As soon as potential issues are identified, it is then important to have standard procedures for investigation that get underway immediately. If there truly is a problem, the earlier it is fully understood the greater your chances of mitigating whatever it may be. Once again, being proactive can save time, money, and trouble down the line.

Finally, make sure that you take specific steps towards remediation once weak spots in your compliance program or culture are identified. Solving the specific problem is clearly of paramount importance, but do not forget the necessity to making whatever changes are needed to prevent the problem from coming up again in the future.
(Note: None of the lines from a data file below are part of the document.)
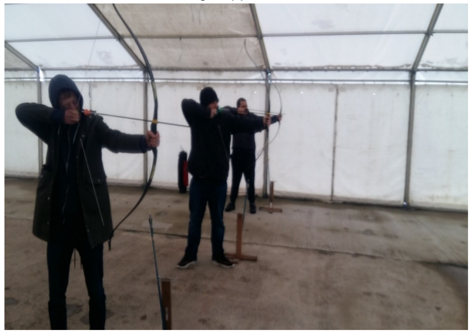
Local residents trying their hand at archery
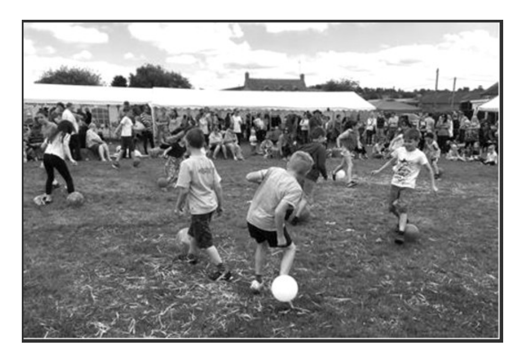
Fun at Salford Fete
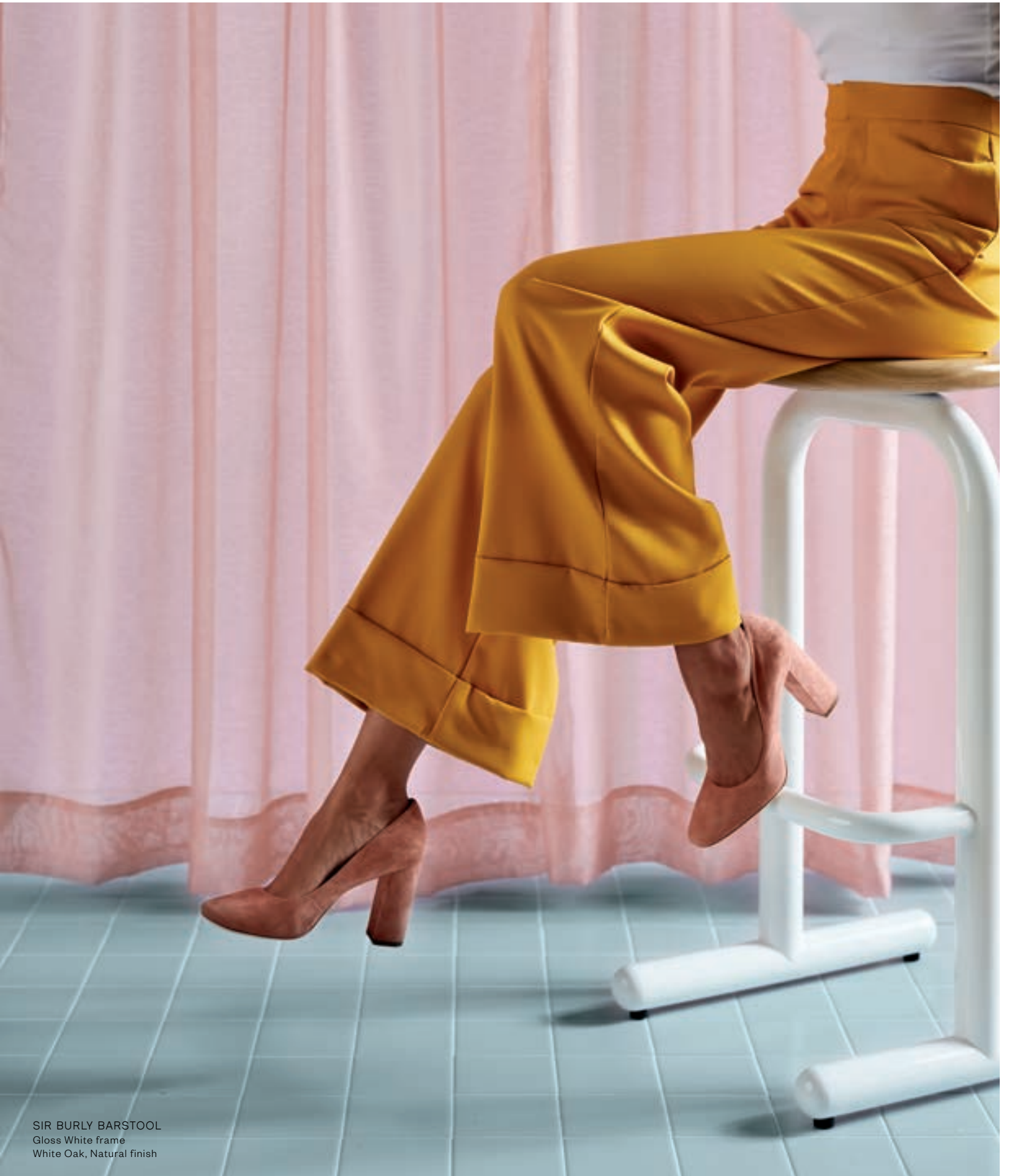
SIR BURLY BARSTOOL Gloss White frame White Oak, Natural finish
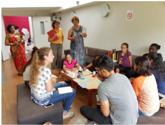
GROUP DISCUSSION WITH THE FACULTIES
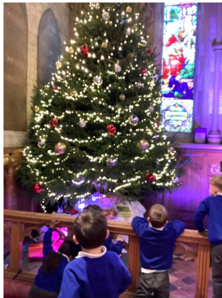
Years 1 and 2 Headteacher Heroes in front of our school Christmas Tree (thank you PTA!) and Early Years marvelling at the tree during their trip to St Stephen's church
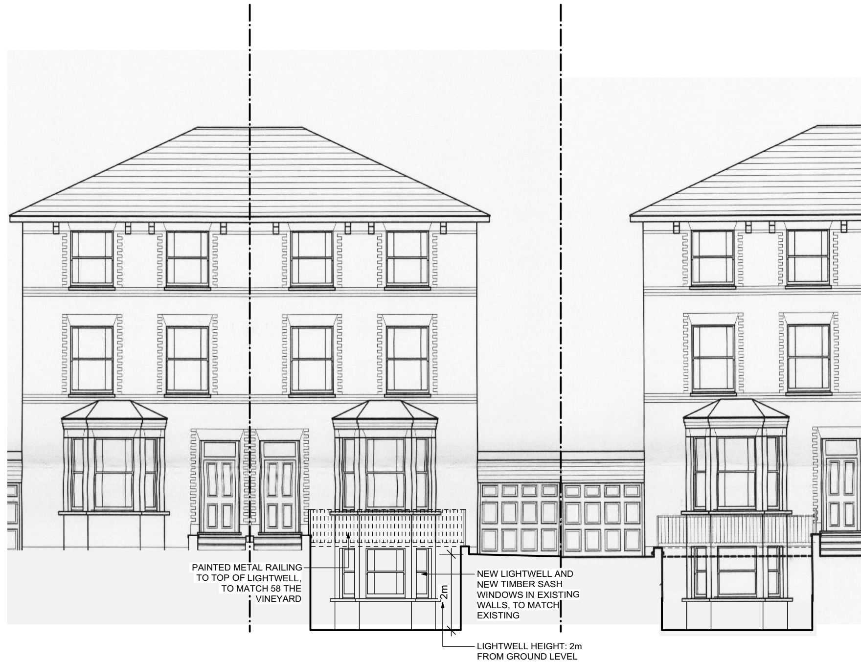
54 The Vineyard
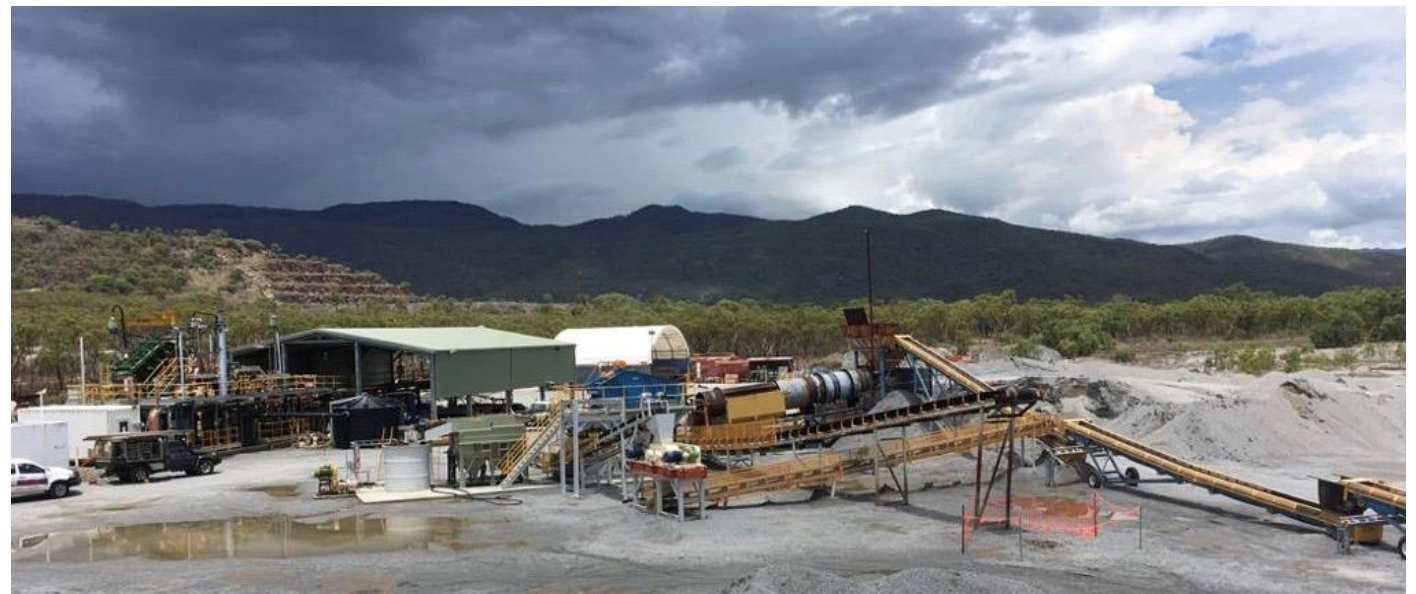
View of the commissioning of the Retreatment Plant (raw material intake at front right; screening, crushing and jigging at center front; gravity circuit under shed).

For many middle market organizations, especially those operating in multiple geographic locations in today’s uncertain economic climate, ethics and compliance can be a tricky area – not because you do not understand its importance, but because you most likely do not have unlimited resources with which to invest. However, unless dire circumstances dictate otherwise, you will more than likely save money in the long-term by efficiently investing in the short- and mid-term on developing a solid ethics and compliance foundation that truly operates as a preventative barrier against the potentially crippling effects of ethics and compliance problems down the road.

***********

About the Author: Generational Equity

Generational Equity is one of the nation’s leading middle-market mergers and acquisitions companies, providing private business owners with the information and expertise they require to exit their business successfully. A unique, four-phase approach that includes education, financial analysis and reporting, sales documentation and deal-making ability combine to offer business owners an unparalleled level of commitment and experience, all focused on helping to release the generational equity and wealth in every business.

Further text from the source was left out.